On 03-Sep-18 13:37, Al Kossow wrote:
>
> On 9/3/18 10:29 AM, Timothe Litt wrote:
>
>> For most purposes, the GT40 was superseded by devices like the VT105 (VT100 
>> + b/w graphics), VT125, GiGi, & VT240.  But
>> those are all raster scan devices - which can't match the quality of a 
>> vector display.  And none of them had a lightpen.
> In the vector world, the replacement was the (really expensive) VS-60, made 
> by Sanders.
> That competed with Vector General, E&S, and Megatek
>
> There was also the weirdo VSV-11, a low-res raster display that talked VT-11 
> opcodes.
>
>
Once our CAD group moved off the -10s, the next step was Sun
workstations for schematic capture (VALID).

I think VLS (the in-house VAX Layout System) used Megatek displays.

The VS8000 (I acquired one surplus - internally) incorporated graphics
from Evans & Sutherland.  It was some sort of joint venture.  Besides
the 3D graphics pipeline, it had a marvelous peripheral - a keyboard
length & 2x KB high panel with, IIRC, 8 knobs each slightly smaller than
the hockey puck mouse.  One used them for 3-D pan, zoom & rotate.  (Yes,
it has a mouse, too).  It was really impressive. 
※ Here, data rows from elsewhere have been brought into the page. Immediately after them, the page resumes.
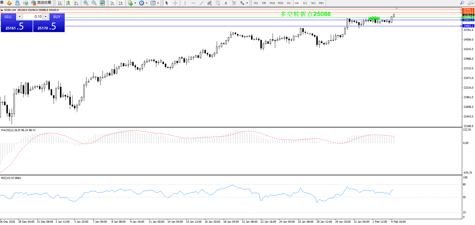 道琼斯指数DJ30—— 4小时K线图显示:
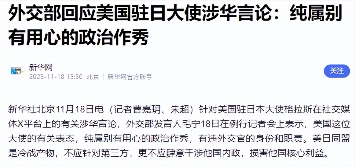 当下中日关系因高市早苗谈论台湾问题一直很紧张,就在中国的反击举措渐渐加强的时候,美国驻日本大使格拉斯却忽然大张旗鼓地掺和进来。
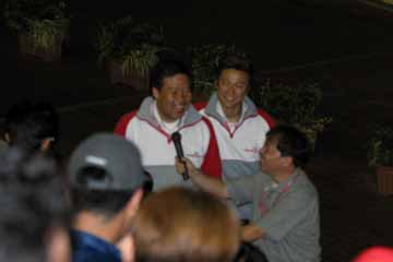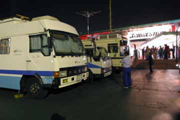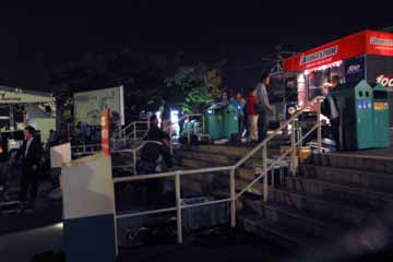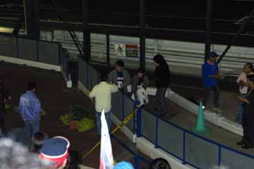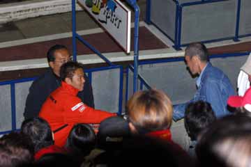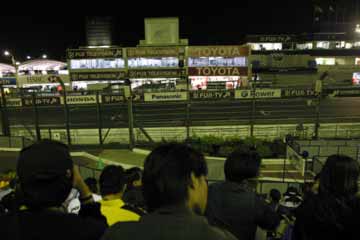 | 楽しい時間が過ぎ21時頃解散。 グランドスタンド裏では、フジTVがスポルトの生中継の準備を行っていた。 | |
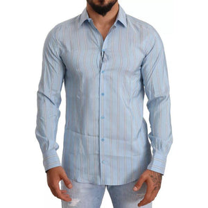 Dolce & Gabbana Blue Striped Silk Formal Dress MARTINI Shirt
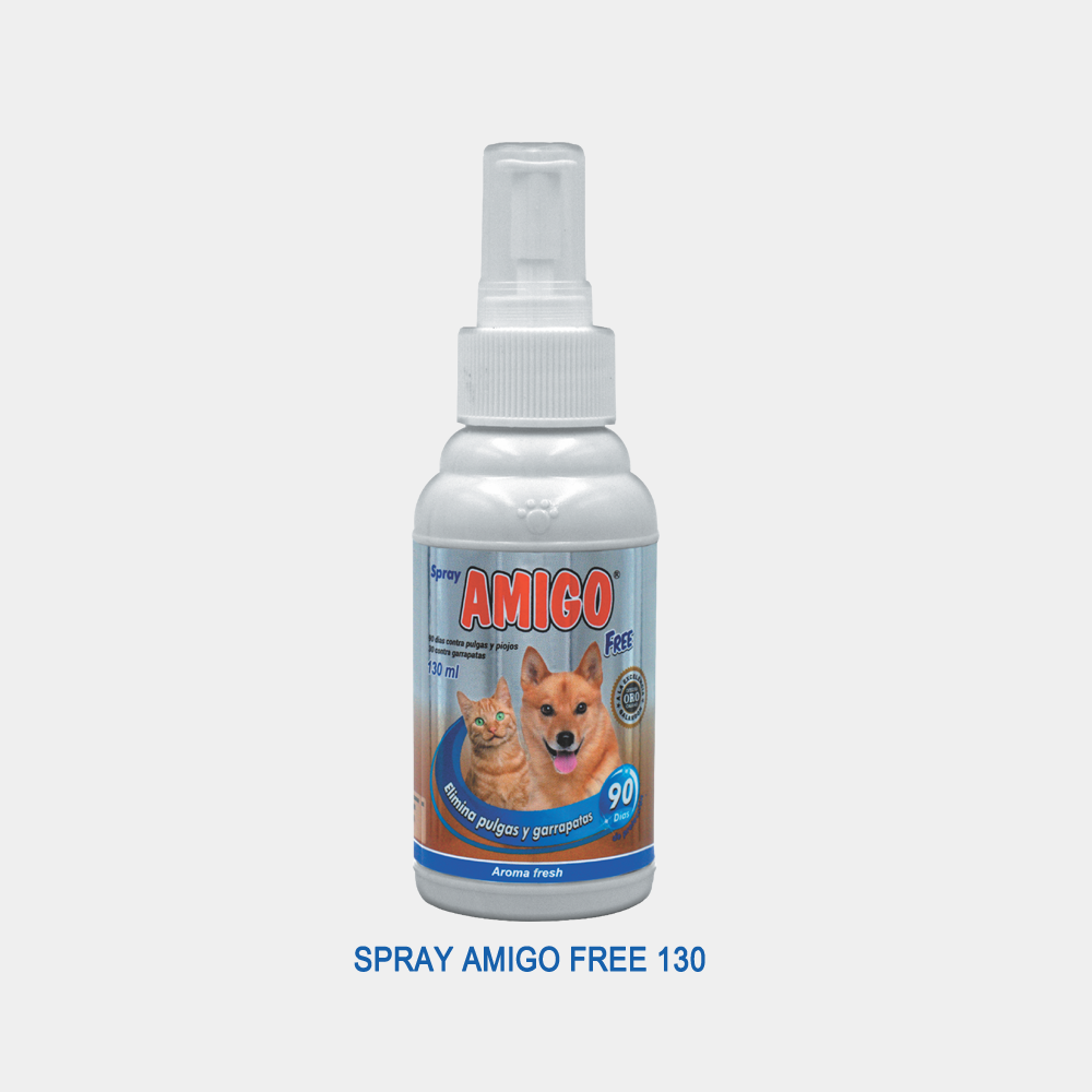 AMIGO FREE, es una solución de aplicación cutánea para el tratamiento y prevención de parasitosis externa ocasionada por pulgas y garrapatas en perros y gatos.
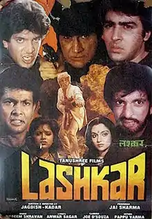 Lashkar (Army) is a 1989 Bollywood film directed by Jagdish Kadar, starring Dev Anand, Aditya Pancholi, Sonam, Hemant Birje, Madhavi, Sumeet Saigal, Jaaved Jaffrey, Kiran Kumar and Sadashiv Amrapurkar. The movie was a huge commission earner at the box office and is believed to be one of the last commercial successes of Dev Anand. This was the only film in the late 1980s that Dev Anand starred in that he did not produce or direct, but acted in the lead role and the film was a major box office success.[1]
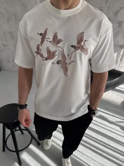 Unisex Nakış İşlemeli T-Shirt – Beyaz
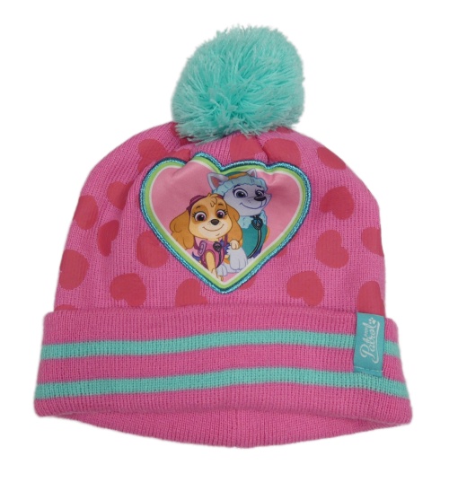 Růžová vzorovaná pletená čepice s Tlapkovou patrolou a bambulí Nickelodeon
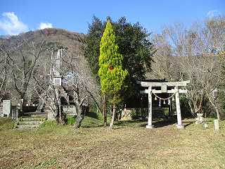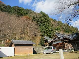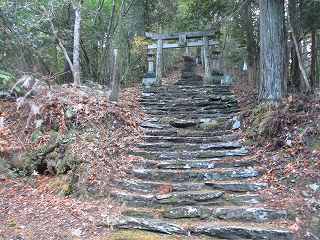 そのため、当たりを付けて進んで行くことを強いられた。集落内の道は狭く、この辺りから山道を走っていると、やっと鳥居の所に到達することができた。
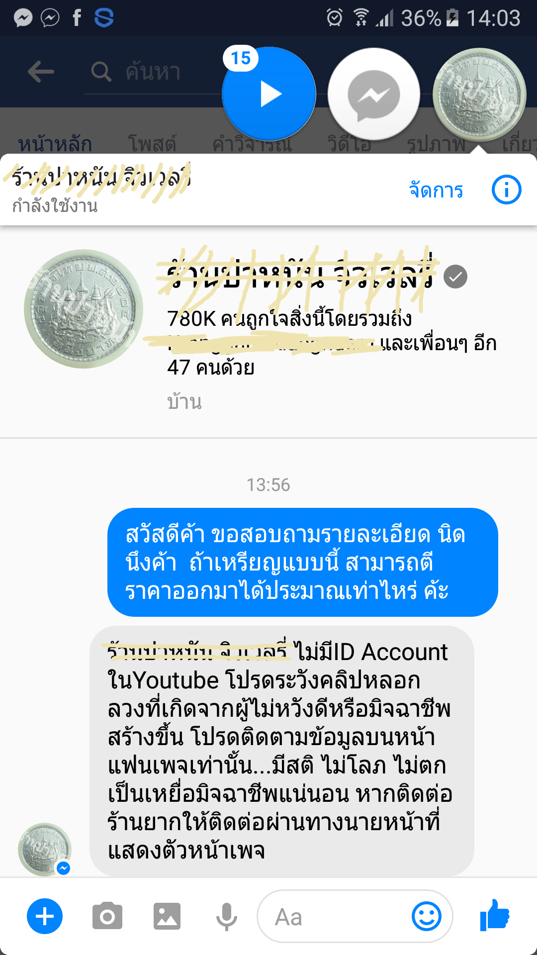เรื่องก็ประมาณว่า สอบถามเกี่ยวกับราคาเหรียญเก่า ในเพจรับซื้อ เพจนึงคือเราไม่ได้คาดหวังคำตอบสวยหรูอะไรหรอกนะค้ะ เราแค่ลองถามราคา เราไม่รู้ว่าเค้าตีความหมายไม่เป็นหรืออะไร เราไม่ได้จะนำไปขายเค้า เราแค่สอบถามราคาดูว่าสภาพเหรียญแบบนี้ได้ประมาณไหนเพราะเราไม่ค่อยรู้เรื่องเกี่ยวกับราคาของเหรียญเก่า แบบนี้ถ้ามีคนอื่นมาถาม ทางร้าน ตอบแบบนี้มาใครเค้าจะมาหาร้านคุณอีก หรือร้านเค้าอาจจะคนเข้าเยอะ มีแต่เหรียญราคาสูงๆ ของถูกๆเลยไม่อยากคุยด้วยละมั้งค้ะ คือเราแค่สอบถาม นี่ งงมาก ตอบมาแบบ นึกว่าต่อราคา ผักปลา ใน ตลาดสด แต่ เทียบไม่ได้ค้ะแม่ค้าตลาดยังรู้จักหาวิธีพูดตอบ ลูกค้าได้ดีกว่าเลยค้ะ
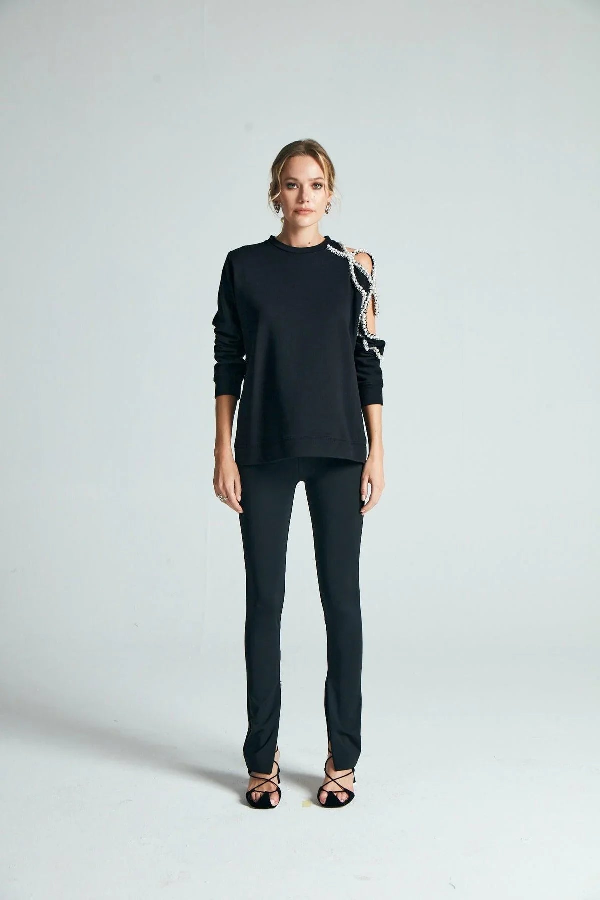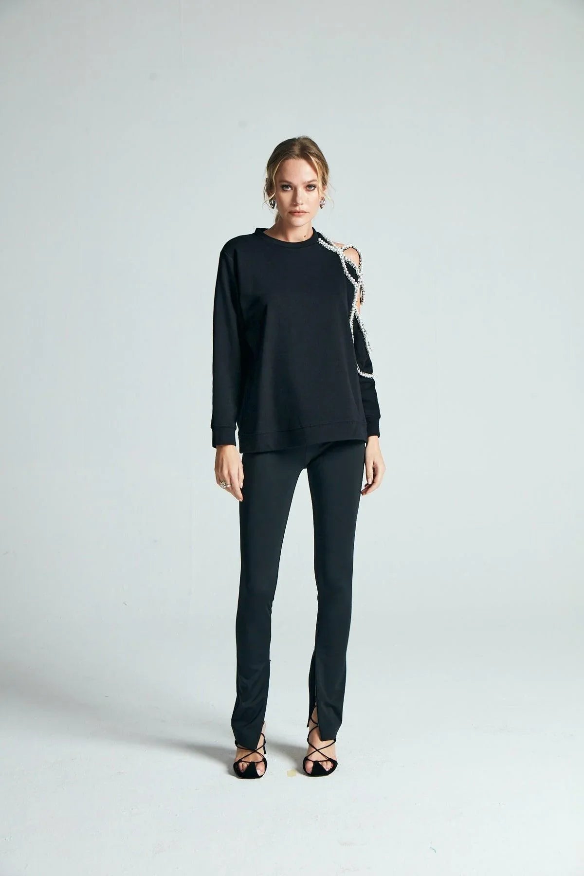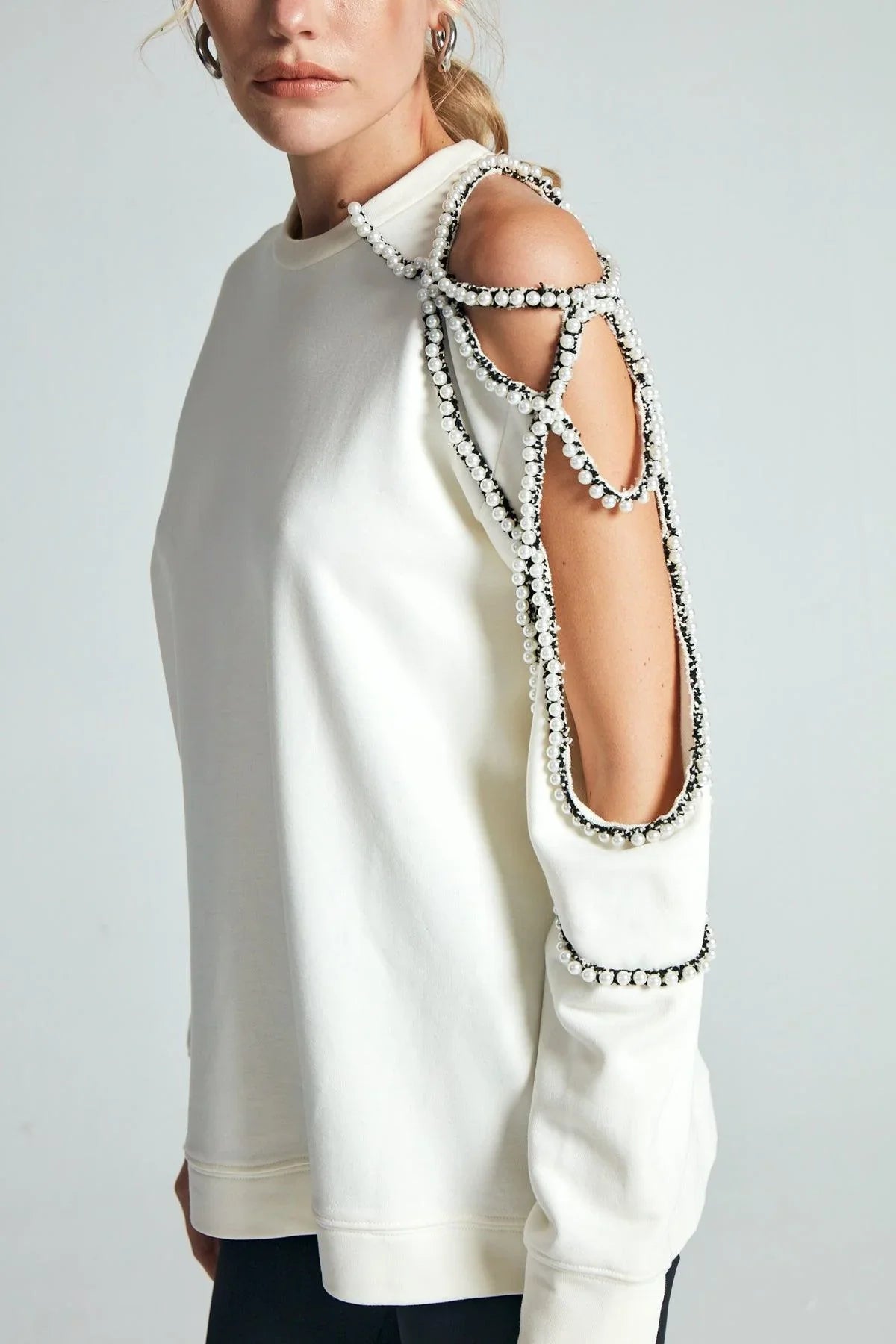 Ürün Açıklaması:Tek omuzu incili aksesuar işlemeli ve dekolteli, bisiklet yaka sweatshirt Kumaş Bilgisi: %100 Cotton Bakım Önerileri: 30º Max Yıkama Tersten yıkayın Ağartıcı kullanmayın Tamburlu kurutma yapmayın Orta ısıda ütüleme yapın Kuru temizleme yapılabilir.

Unfortunately, I had no interest in the graphics capabilities, so I
removed the display hardware to make room for a bunch of disks - it
became a disk server for my LAVC.  And, since it uses an 8250, I could
add a processor (or two?) to make it a SMP VAX for one of my group's
projects.  And the only SMP VAX that could run in an an office (cube)
environment.  (I doubt that was a supported configuration.)

Sanders was a -10 customer of mine in the early 80s, but while I knew
about their graphics displays, I wasn't involved with that LOB.